Se dovessi dare un volto allo slogan “The future is female”, darei senza dubbio quello di Greta Thunberg. Sono certa che chi frequenta i social network si sia imbattuto almeno una volta nella foto di questa ragazzina svedese di 16 anni, con in mano un cartello che recita “Skolstrejk för klimatet“.

Per chi non parla svedese, la scritta significa “Sciopero scolastico per il clima”. Greta infatti è diventata famosa per aver iniziato nell’agosto 2018 a scioperare nel senso letterale del termine, saltando la scuola in segno di protesta contro l’indifferenza della classe politica nei confronti dell’emergenza ambientale. Ogni giorno dal 20 agosto fino al 9 settembre – quando si sono tenute le elezioni in Svezia – ha tenuto un sit-in davanti al parlamento svedese, in compagnia del suo ormai iconico cartello. Quello che era iniziato come un gesto solitario è nel corso dei mesi diventato un vero e proprio movimento che ha portato tantissimi suoi coetanei, prima in Europa e poi pian piano anche nel resto del mondo, a unirsi alla sua protesta pacifica. Dopo le elezioni infatti Greta non ha smesso di scioperare, ma ha creato un appuntamento settimanale fisso ogni venerdì. Così è nata l’iniziativa “Fridays For Future”, ovvero i “venerdì per il futuro”, in cui studenti di tutto il mondo prendono parte allo sciopero e scendono in piazza a manifestare contro i cambiamenti climatici.

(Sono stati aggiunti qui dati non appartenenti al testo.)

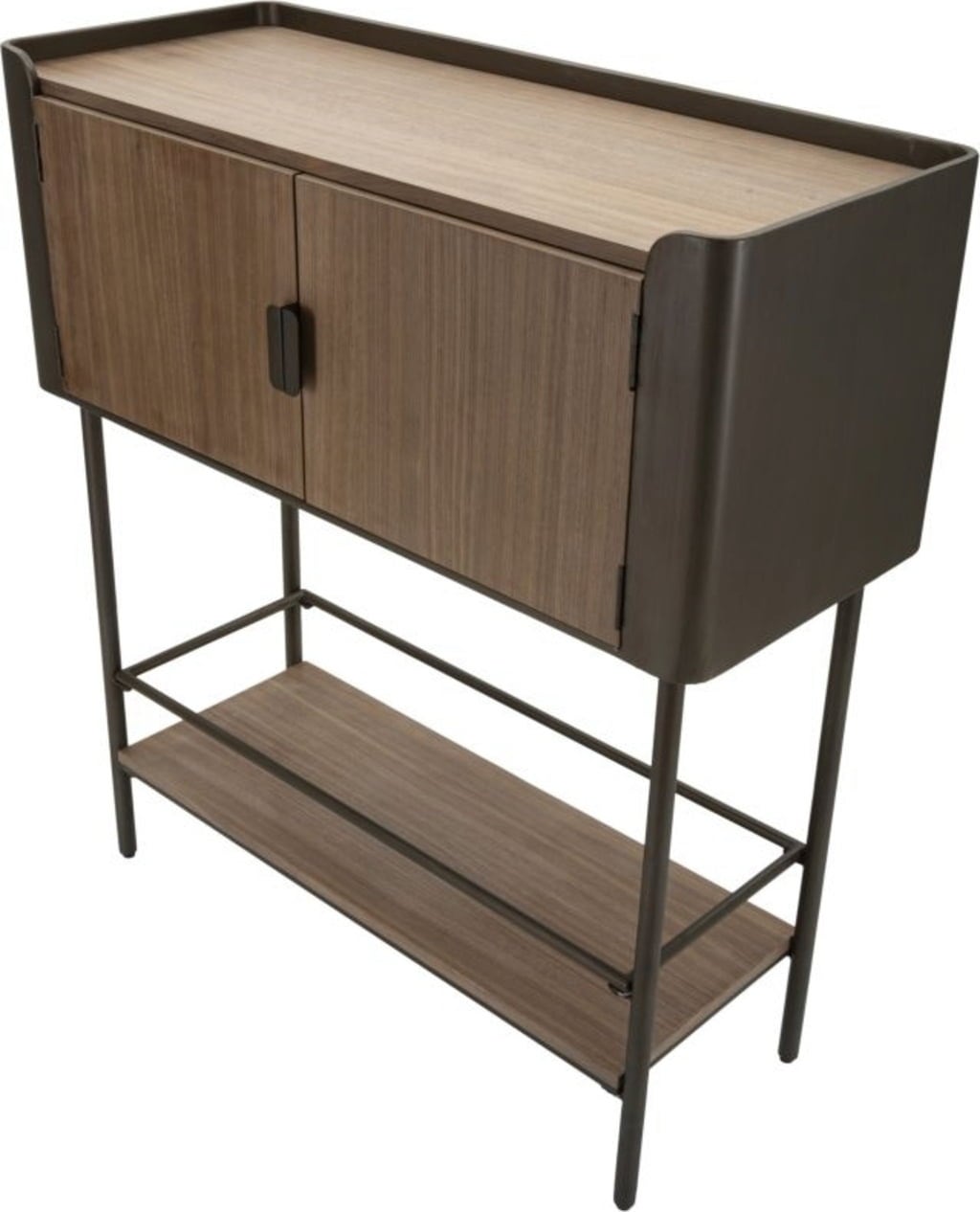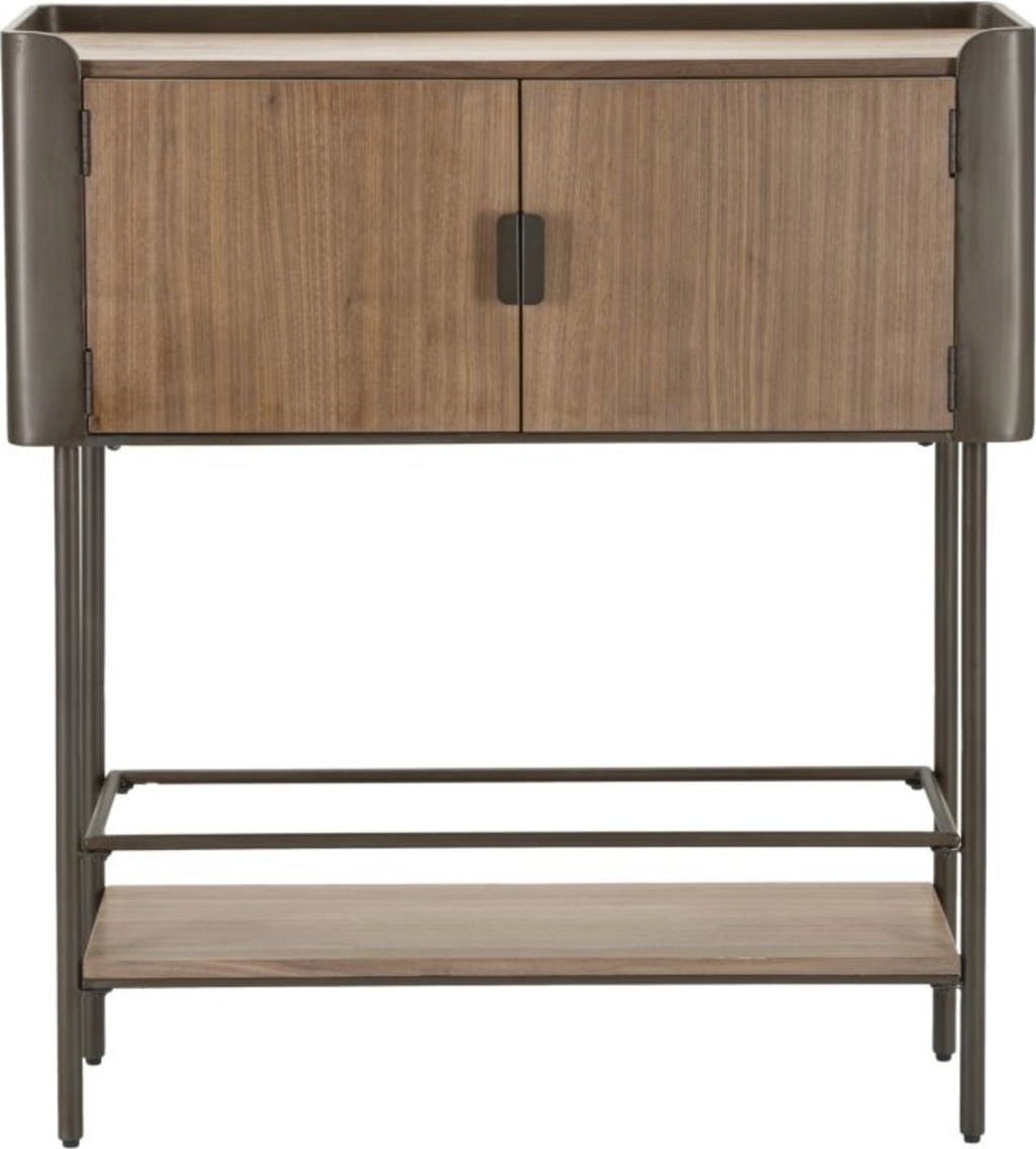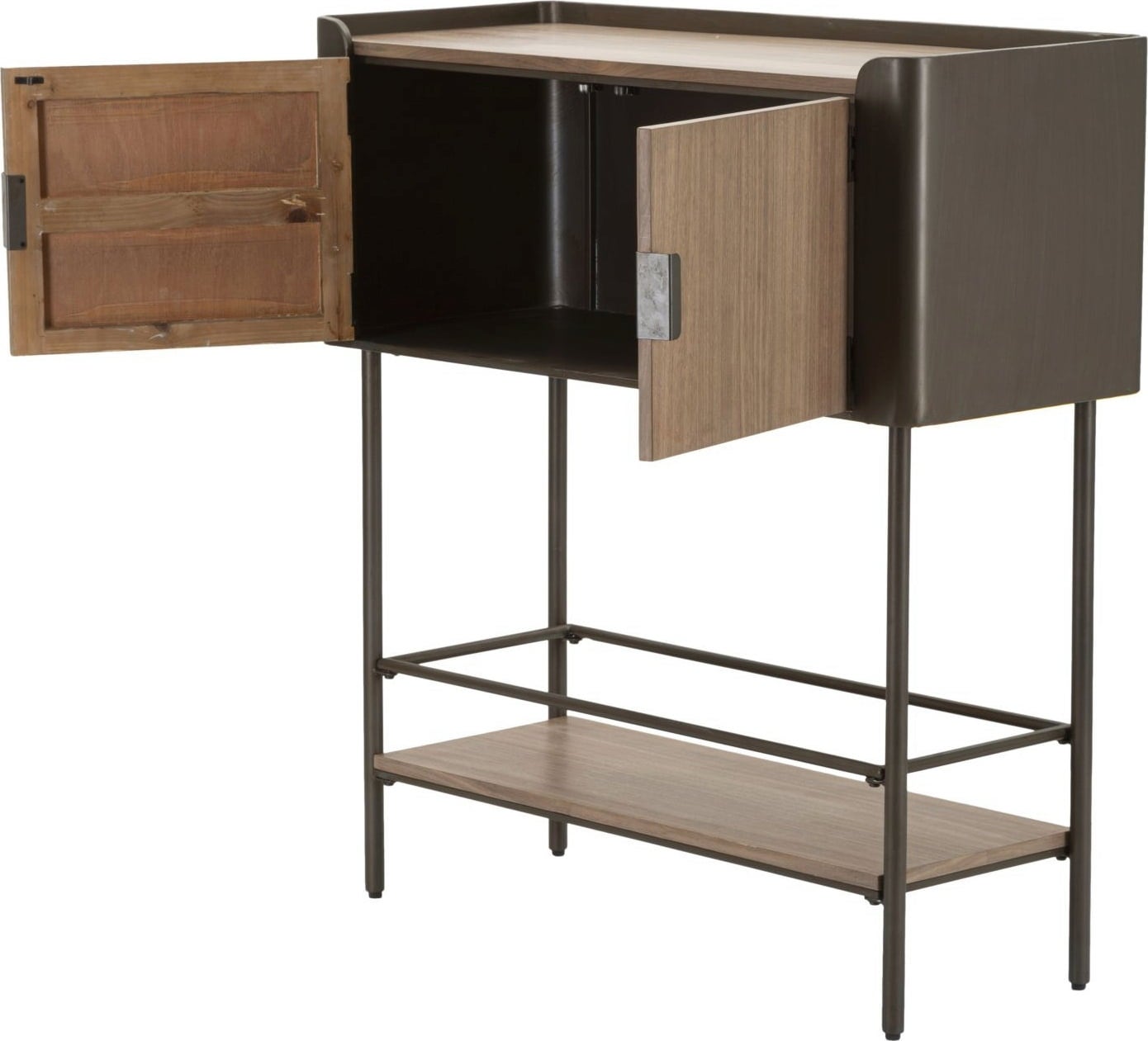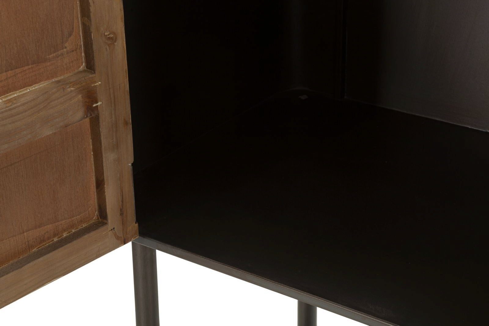 Ergänze deine Einrichtung um ein Möbelstück, das modernes Design und hohe Funktionalität vereint! Dieser Schrank besticht durch seine klare, prägnante Linienführung und den reizvollen Kontrast aus robustem Metall und warmer Holzoptik. Er ist die perfekte Ergänzung für jedes Ambiente. Der Korpus bietet hinter den zwei Türen diskreten Stauraum.

“You say you love your children above all else, and yet you are stealing their future in front of their very eyes” – Greta Thunberg

Cosa chiede Greta?

Stando all’ultimo rapporto dell’Intergovernmental Panel on Climate Change (IPCC), abbiamo ancora 12 anni a disposizione per contenere l’aumento della temperatura terrestre entro +1.5°C. Per fare ciò però è necessario dimezzare le emissioni globali di CO2 entro il 2030 e azzerarle entro il 2050. Quelli che potrebbero sembrare numeri irrisori a chi non ha dimestichezza con il problema del surriscaldamento globale, sono in realtà degli obiettivi molto difficili da raggiungere allo stato attuale delle cose. Le emissioni di gas serra infatti continuano ad aumentare anno dopo anno e, nonostante l’impegno promesso dai governi di tutto il mondo in occasione della firma dell’accordo di Parigi (2015), sono ben poche le misure concrete al momento in atto che ci permetterebbero di rimanere al di sotto della soglia limite del +1.5°C. Lo scorso dicembre, in occasione della United Nations Climate Change Conference tenutasi in Polonia (conosciuta come COP24), Greta ha parlato così ai politici e alle istituzioni presenti: “Voi parlate solamente di un’eterna crescita economica ‘sostenibile’ perché avete troppa paura di risultare impopolari. Parlate solo di andare avanti secondo gli stessi principi errati che ci hanno ridotti in questo caos, anche quando l’unica cosa ragionevole da fare sarebbe tirare il freno a mano. Non siete abbastanza maturi per dire le cose come stanno. Lasciate anche questo onere a noi ragazzi. Ma a me non importa di essere impopolare. A me importa la giustizia climatica e la vita su questo pianeta. La nostra civiltà viene sacrificata affinché un numero esiguo di persone continui ad arricchirsi a dismisura. La nostra biosfera viene sacrificata affinché le persone ricche in Paesi come il mio possano vivere nel lusso. Il lusso di pochi si paga con la sofferenza di molti”.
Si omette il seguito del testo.